What to produce:
Line by line, the data below should be set down unchanged, with images excluded.
[[ Records supplied, beginning ]]
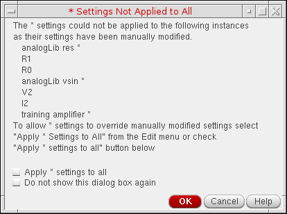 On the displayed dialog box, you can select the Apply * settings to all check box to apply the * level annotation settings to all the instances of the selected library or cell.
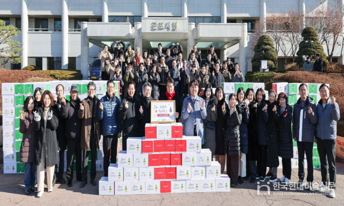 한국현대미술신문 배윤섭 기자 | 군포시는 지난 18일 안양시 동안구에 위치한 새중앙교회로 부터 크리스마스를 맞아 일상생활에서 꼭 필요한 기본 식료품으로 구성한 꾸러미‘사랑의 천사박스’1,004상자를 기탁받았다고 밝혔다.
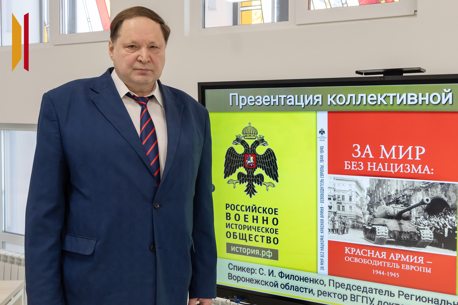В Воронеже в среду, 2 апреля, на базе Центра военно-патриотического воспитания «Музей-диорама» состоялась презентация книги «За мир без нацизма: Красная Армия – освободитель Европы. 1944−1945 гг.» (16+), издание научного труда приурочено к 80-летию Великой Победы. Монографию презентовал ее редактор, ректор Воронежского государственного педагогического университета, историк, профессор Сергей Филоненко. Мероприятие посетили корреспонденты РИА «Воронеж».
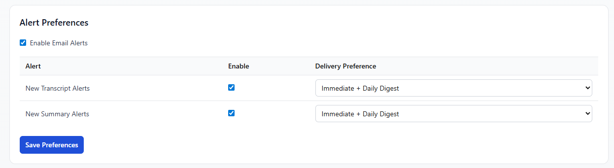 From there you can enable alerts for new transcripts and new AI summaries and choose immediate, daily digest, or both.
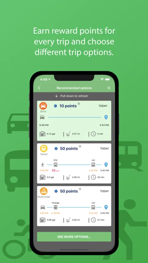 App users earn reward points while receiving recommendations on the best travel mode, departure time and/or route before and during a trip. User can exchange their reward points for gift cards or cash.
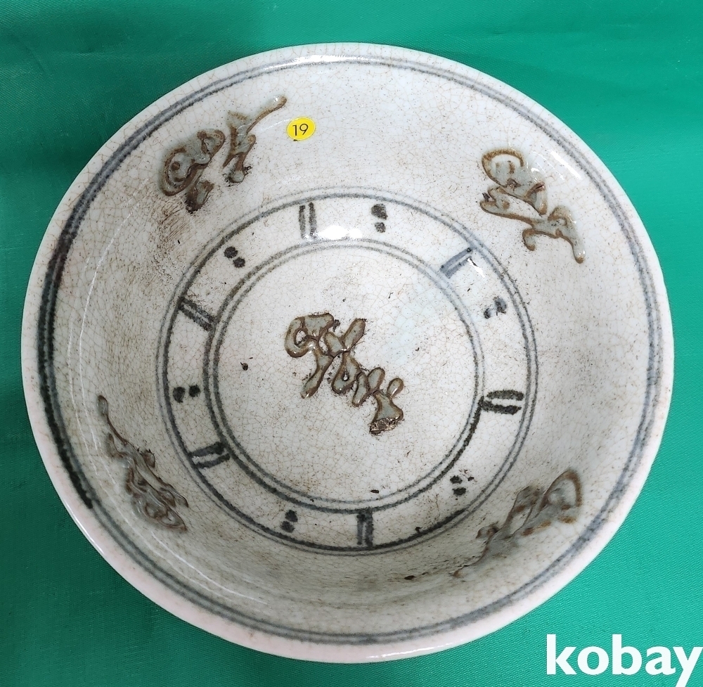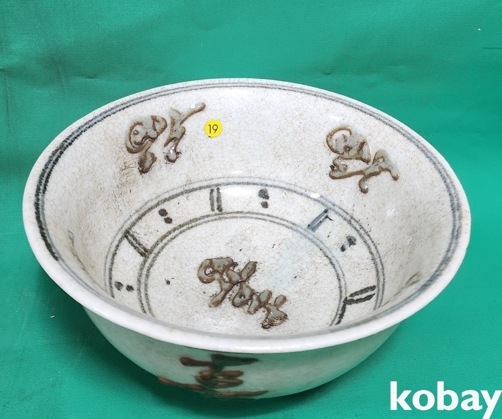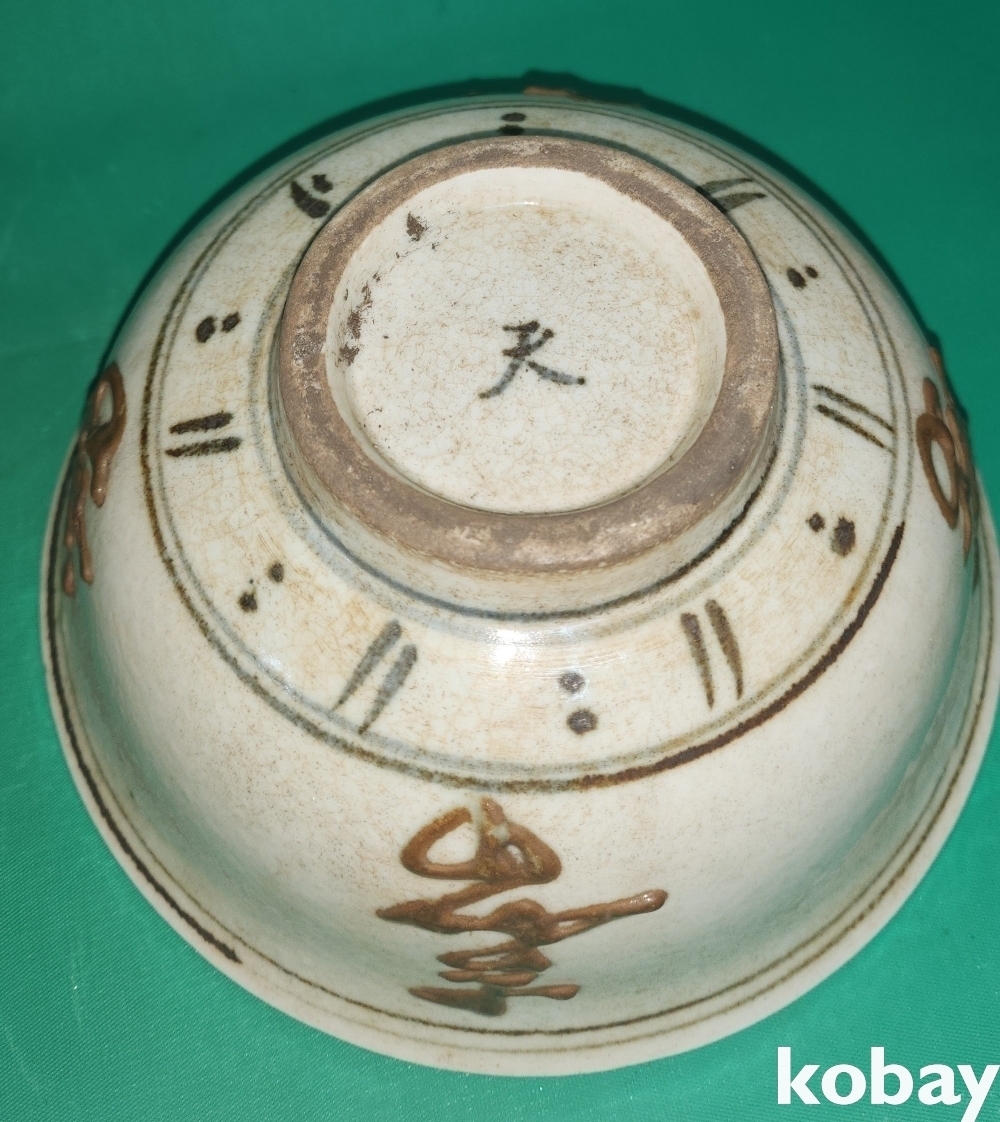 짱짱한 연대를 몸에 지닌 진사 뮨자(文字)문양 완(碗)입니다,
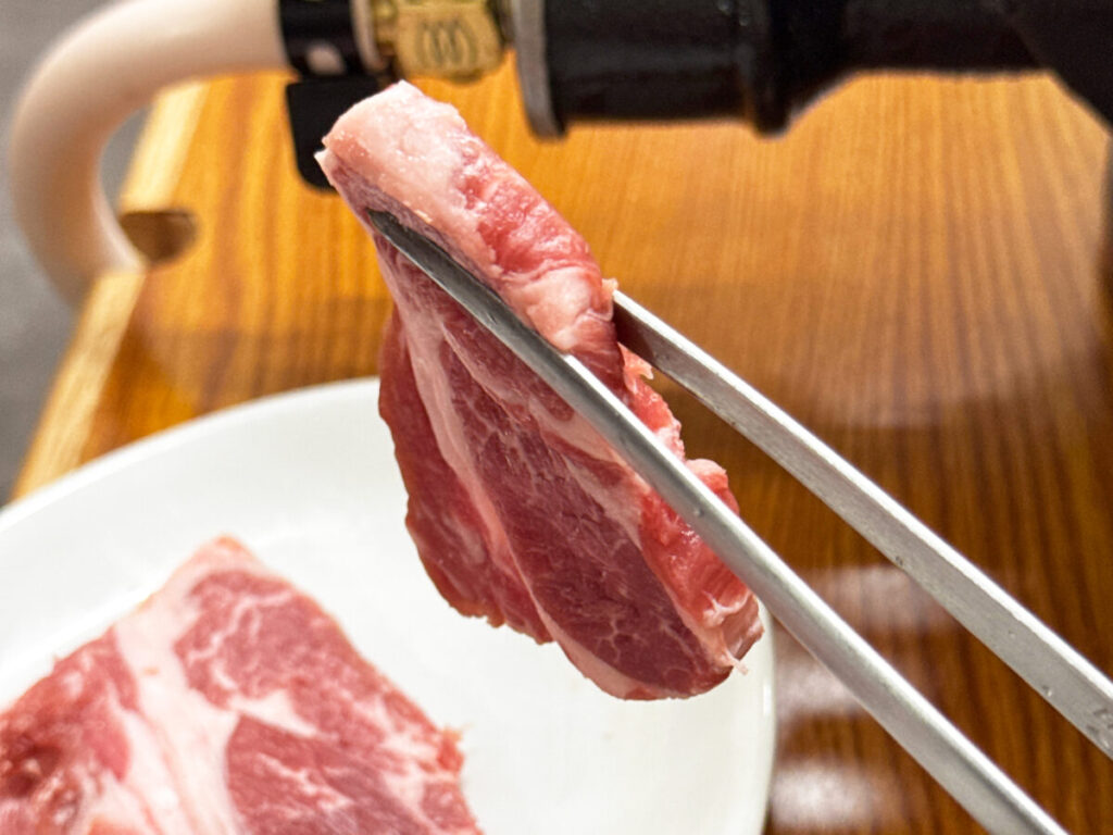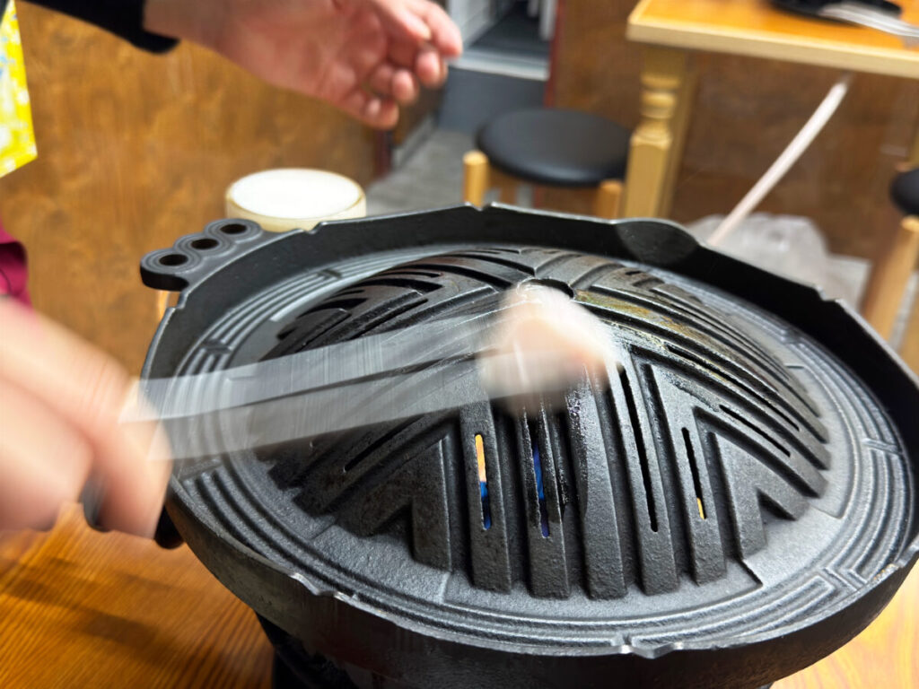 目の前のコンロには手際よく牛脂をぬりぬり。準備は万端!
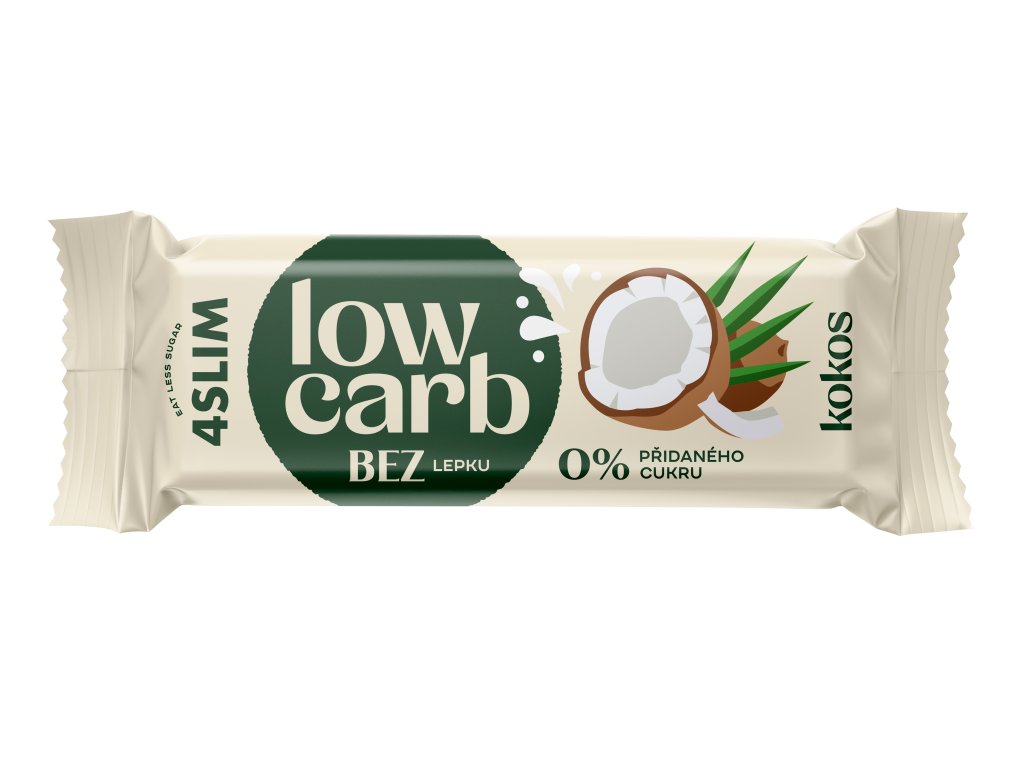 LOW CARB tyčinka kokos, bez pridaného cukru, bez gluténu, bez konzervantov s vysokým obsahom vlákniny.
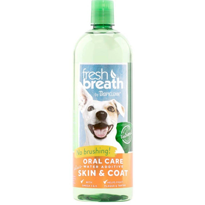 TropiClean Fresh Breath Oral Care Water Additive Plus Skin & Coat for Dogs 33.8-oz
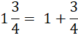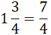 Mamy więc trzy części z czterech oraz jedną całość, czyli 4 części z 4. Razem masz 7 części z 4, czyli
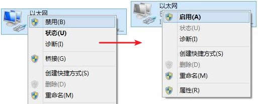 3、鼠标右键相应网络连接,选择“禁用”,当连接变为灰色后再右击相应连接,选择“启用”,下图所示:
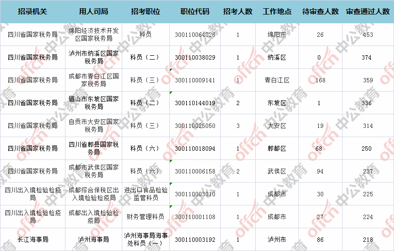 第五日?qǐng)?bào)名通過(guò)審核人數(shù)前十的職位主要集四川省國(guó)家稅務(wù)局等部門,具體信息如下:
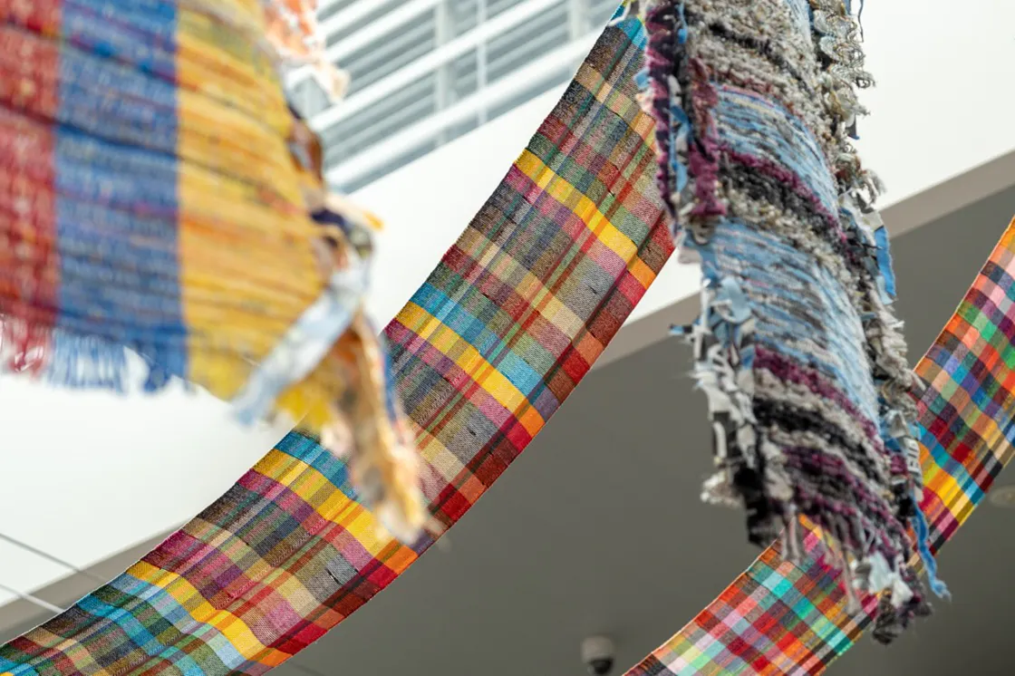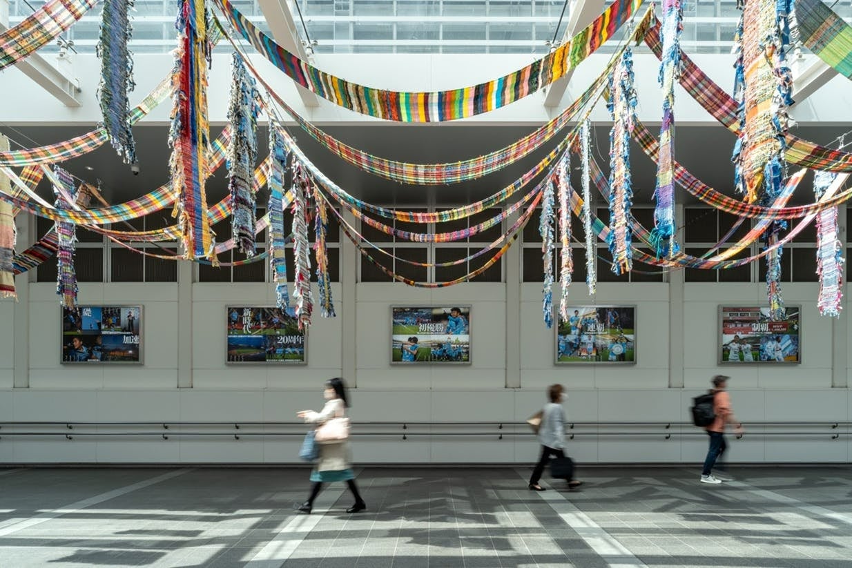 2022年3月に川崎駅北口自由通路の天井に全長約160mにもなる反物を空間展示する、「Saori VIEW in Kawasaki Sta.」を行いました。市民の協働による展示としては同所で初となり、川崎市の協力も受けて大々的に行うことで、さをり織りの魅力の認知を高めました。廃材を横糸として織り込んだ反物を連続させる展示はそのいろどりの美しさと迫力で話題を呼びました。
[[ Records supplied, end ]]
Your solution:
 On the displayed dialog box, you can select the Apply * settings to all check box to apply the * level annotation settings to all the instances of the selected library or cell.
 한국현대미술신문 배윤섭 기자 | 군포시는 지난 18일 안양시 동안구에 위치한 새중앙교회로 부터 크리스마스를 맞아 일상생활에서 꼭 필요한 기본 식료품으로 구성한 꾸러미‘사랑의 천사박스’1,004상자를 기탁받았다고 밝혔다.
В Воронеже в среду, 2 апреля, на базе Центра военно-патриотического воспитания «Музей-диорама» состоялась презентация книги «За мир без нацизма: Красная Армия – освободитель Европы. 1944−1945 гг.» (16+), издание научного труда приурочено к 80-летию Великой Победы. Монографию презентовал ее редактор, ректор Воронежского государственного педагогического университета, историк, профессор Сергей Филоненко. Мероприятие посетили корреспонденты РИА «Воронеж».
 From there you can enable alerts for new transcripts and new AI summaries and choose immediate, daily digest, or both.
 App users earn reward points while receiving recommendations on the best travel mode, departure time and/or route before and during a trip. User can exchange their reward points for gift cards or cash.
 짱짱한 연대를 몸에 지닌 진사 뮨자(文字)문양 완(碗)입니다,
 目の前のコンロには手際よく牛脂をぬりぬり。準備は万端!
 LOW CARB tyčinka kokos, bez pridaného cukru, bez gluténu, bez konzervantov s vysokým obsahom vlákniny.
 TropiClean Fresh Breath Oral Care Water Additive Plus Skin & Coat for Dogs 33.8-oz
 Mamy więc trzy części z czterech oraz jedną całość, czyli 4 części z 4. Razem masz 7 części z 4, czyli
 3、鼠标右键相应网络连接,选择“禁用”,当连接变为灰色后再右击相应连接,选择“启用”,下图所示:
 第五日?qǐng)?bào)名通過(guò)審核人數(shù)前十的職位主要集四川省國(guó)家稅務(wù)局等部門,具體信息如下:
 2022年3月に川崎駅北口自由通路の天井に全長約160mにもなる反物を空間展示する、「Saori VIEW in Kawasaki Sta.」を行いました。市民の協働による展示としては同所で初となり、川崎市の協力も受けて大々的に行うことで、さをり織りの魅力の認知を高めました。廃材を横糸として織り込んだ反物を連続させる展示はそのいろどりの美しさと迫力で話題を呼びました。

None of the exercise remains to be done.